Domaine de Poujol

The very first post of this blog records a visit to Domaine de Poujol back in 2009, so it was high time for an update.    As it happened,  a month or so ago, Domaine de Poujol  proved a convenient detour on the way to the airport to retrieve my husband from London flight.

It was a warm summer's morning and we sat outside the cellar with Kim, being deafened by the noise of the crickets.   Kim and Robert have been in the Languedoc since their first vintage in 1994.   And it was interesting to see how their wines have evolved over the years.  The label design has changed; and they have converted to screwcaps.   Virtually all their wines are IGP Hérault rather than an appellation. 

2014 Pico, IGP Hérault– 7.00€
A blend of Vermentino, Roussanne and Carignan blanc.  Vinified in tank.  Vermentino works well for them, ripening late.    Fresh herbal notes with good acidity.  A little weight and lightly rounded.   Carignan blanc is not allowed within the appellation and the Vermentino is grown in a vineyard that is too close to the river, hence vin de pays rather than an appellation.   

2014 Rosé, Pays de l’Hérault.  – 7.00€
This accounts for 60% of their production.  A blend of Carignan, Cinsaut and Grenache, but no Mourvèdre in 2014, as it ripened too late.   They had serious weather issues in 2014, with three separate floods.   1000 mms of rain fell in about two weeks, and on 6th October the flow of water was strong enough to pull up vines, so that they lost some Grenache and Mourvèdre.  2002 was another year of floods when they lost their entire Syrah crop. 

The grapes are all pressed, following the practice of Provence, making for a pretty pale orange pink.  Delicate dry raspberry fruit on nose and palate.  Quite crisp and fresh with a touch of raspberry, with a spicy note.  Very appealing.

2013 Pays de l’Hérault blanc, Carignan blanc – 15.00€
From old vines planted in 1961.  Fermented and aged in an acacia barrel.  Light golden.  Quite rounded and fresh with lightly peachy herbal notes and good acidity.  Very intriguing.  Some minerality and stony fruit, but more weight and more fleshy than Pico.  They make just one demi-muid, and use only minimal use of sulphur.

2013 Vin de France, Cinsaut  - 10.00€
Light young red colour.  A bit of cherry fruit.  The Languedoc’s answer to good Beaujolais, making perfect summer drinking if lightly chilled.  Lovely red fruit.  40 year old vines producing 20 hl/ha.   a natural wine.  Kim observed that it is easier to make a natural wine if you ferment in wood, as you retain the carbon dioxide. 

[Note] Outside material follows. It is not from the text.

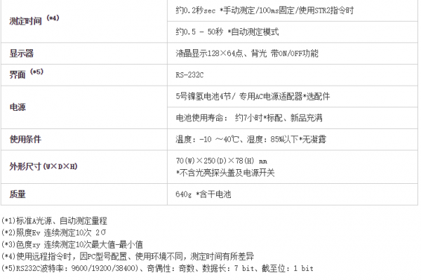 分光照度计IM-1000R日本TOPCON拓普康特征■ 精度高・稳定性好 : JIS C1609-1-2006 常规AA等级照度计基准

2013 Cinq Ceps, AC Languedoc.   – 7.00€
60% Syrah, 20 % Carignan, 10% Cinsault and 8% Grenache noir and just 2% Mourvèdre.  Quite rounded and ripe cherry fruit with a tannic streak.  Medium weight and youthful

2013 Podio Alto, AC Languedoc – 15.00€
A blend of low yielding Syrah, Grenache and Mourvèdre, from higher vineyards, aged in barrels, demi-muids,  for 12 months.  Deep colour.  Firm red fruit with a touch of oak. Quite ripe with vanilla an cherry and some tannin.  A rich mouthful, but not heavy and it certain does not taste like 14.5˚

Domaine de Poujol lies in something of a crossroads of appellations.  When Kim and Robert bought the estate, they understood that the commune of St. Gély would be included within the Pic St Loup, but no.  Then it was suggested that they could be Grès de Montpellier, but that idea has been dropped.  And in any case the mayor of Montpellier is now getting involved with Grès de Montpellier, suggesting that everyone should use a special bottle, with a logo, and that would necessitate changing the bottle line, and who wants to do that? 

2010 la Bête Noire, Vin de France– 15.00€
90% Cabernet Sauvignon with some Carignan.  Picked at the same time and fermented together.  They have always had a small plot, not even one hectare,  of Cabernet Sauvignon on the estate. Deep colour.  Rounded cassis, ripe fruit with some tannin. Rounded and ripe.  Very harmonious, but not at all Languedoc.  Somehow it tasted of the New World, although the Carignan did add a fresher note.

And then Robert returned hot from the vineyards, saying:  But  you must try our Carignan juice before you leave.   They prevent if from fermenting at all so that it has 186 gms of sugar, with ripe fruit and fresh acidity.  Turn it into a sorbet, suggested Robert, but do add some alcohol. So I did.  My husband thought it tasted of cough medicine – maybe pastis had not been the best choice, but it was all I had to hand - but other friends were more polite!